Look through the data below for the line with "Pfalzgraf Christian August, 1622-1708" and the line with "分科会(グループ協議) 小学校 業務改善", then transcribe exactly from the first through the second, leaving out all pictures.

**RECORDS SUPPLIED**.
---*---

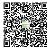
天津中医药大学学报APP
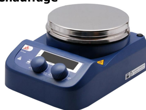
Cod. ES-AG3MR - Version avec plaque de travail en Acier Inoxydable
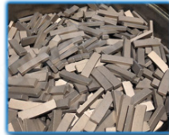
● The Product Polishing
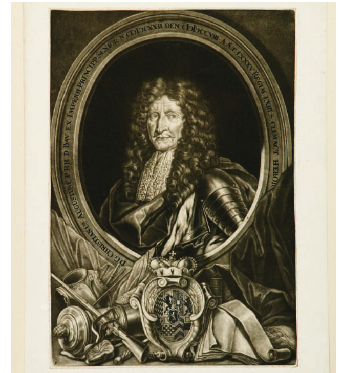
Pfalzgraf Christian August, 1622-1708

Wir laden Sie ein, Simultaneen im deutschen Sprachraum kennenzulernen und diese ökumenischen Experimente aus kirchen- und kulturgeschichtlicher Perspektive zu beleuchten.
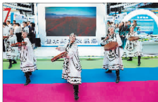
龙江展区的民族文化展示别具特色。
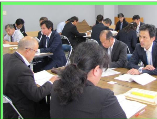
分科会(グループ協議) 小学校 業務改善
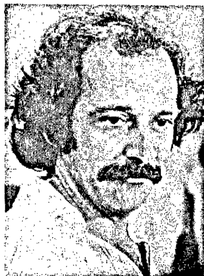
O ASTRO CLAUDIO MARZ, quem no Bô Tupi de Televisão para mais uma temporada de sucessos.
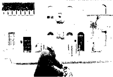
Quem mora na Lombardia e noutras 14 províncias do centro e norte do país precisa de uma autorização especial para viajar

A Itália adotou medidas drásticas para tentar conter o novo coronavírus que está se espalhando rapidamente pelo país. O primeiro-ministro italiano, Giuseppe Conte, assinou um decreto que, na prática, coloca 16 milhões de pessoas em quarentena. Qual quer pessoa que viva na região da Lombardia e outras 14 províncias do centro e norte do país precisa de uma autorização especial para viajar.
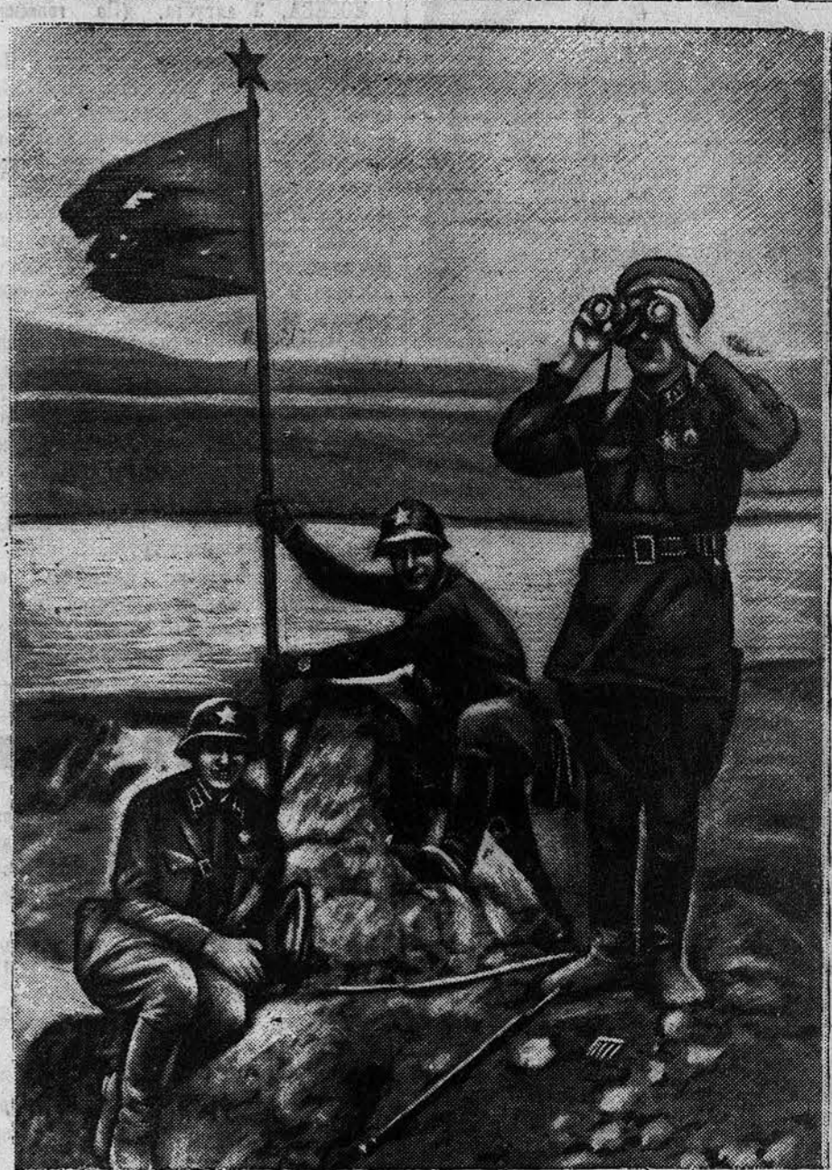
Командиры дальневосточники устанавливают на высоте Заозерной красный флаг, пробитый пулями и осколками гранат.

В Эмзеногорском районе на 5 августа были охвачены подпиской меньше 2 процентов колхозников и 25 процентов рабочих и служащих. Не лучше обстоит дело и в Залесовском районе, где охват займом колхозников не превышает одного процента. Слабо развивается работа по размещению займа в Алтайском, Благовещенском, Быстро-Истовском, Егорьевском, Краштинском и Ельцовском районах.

---*---

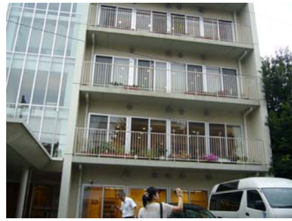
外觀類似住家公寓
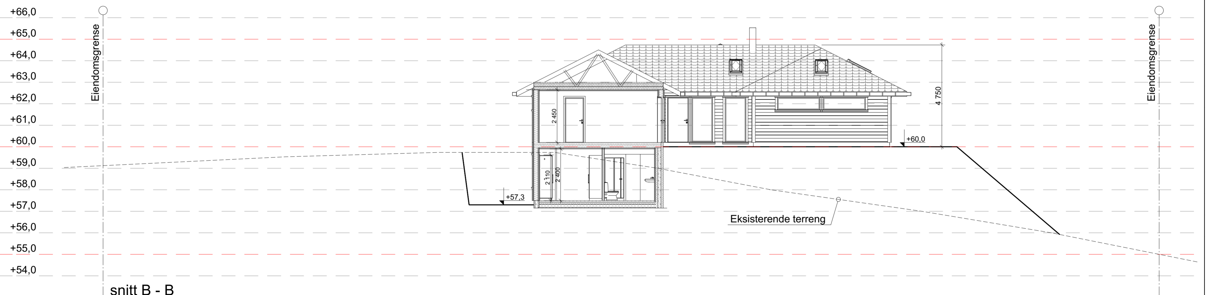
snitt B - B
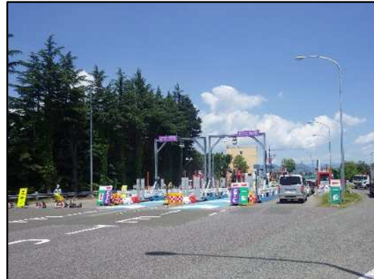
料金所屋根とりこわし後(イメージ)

---*---

**RESPONSE AREA**.
Pfalzgraf Christian August, 1622-1708

Wir laden Sie ein, Simultaneen im deutschen Sprachraum kennenzulernen und diese ökumenischen Experimente aus kirchen- und kulturgeschichtlicher Perspektive zu beleuchten.
龙江展区的民族文化展示别具特色。
分科会(グループ協議) 小学校 業務改善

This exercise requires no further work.